Hacker News new | past | comments | ask | show | jobs | submit login

Malthus introduced exponential growth rates, but not equilibria; he assumed a runaway growth would lead to collapse. Logistic functions, which describe equilibrium-finding, were introduced by Pierre Verhulst.

http://en.wikipedia.org/wiki/Pierre_Fran%C3%A7ois_Verhulst

John von Neumann and John Nash deserve some credit for founding game theory; in particular the strategies described are minimax strategies, introduced by von Neumann.
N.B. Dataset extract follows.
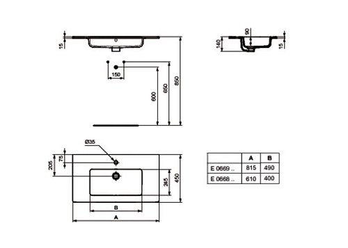 Раковина Ideal Standard E066801 Tempo Vanity встраиваемая 60х45 см, с 1-м отверстием под смеситель, Euro White (евробелый)

http://en.wikipedia.org/wiki/Minimax




I agree that these aren't Malthusian, and some aren't even true. The ones that are true seem to exemplify incentives and constraints. When you have an incentive to do more, you do more until either the incentive (marginal_benefit - marginal_cost) or your ability to do a little more fades to zero. When the incentives or constraints change, the behavior adapts accordingly. A Malthusian collapse is a special case that is not relevant to most situations of incentives and constraints.


But the reason that Malthus' doom-mongering hasn't come to pass is because he failed to consider that there was sufficient incentive for people to find alternatives, such that they could skirt the constraints.

Malthus said that the carrying capacity of Earth is limited to X because of finite arable land (and so on). But then humans came up with irrigation, and crop rotation, and terracing, and selective breeding, and fertilizers and insecticides, and powered machinery, etc., all of which allowed the Earth to provide for ever-increasing numbers of people.

Malthus saw humanity as limited to subsistence dirt farming, but the people saw the ability to prosper, have large families, etc., as sufficient incentive to invent alternatives. The incentives didn't change, and the constraints only changed so far as did the body of human knowledge.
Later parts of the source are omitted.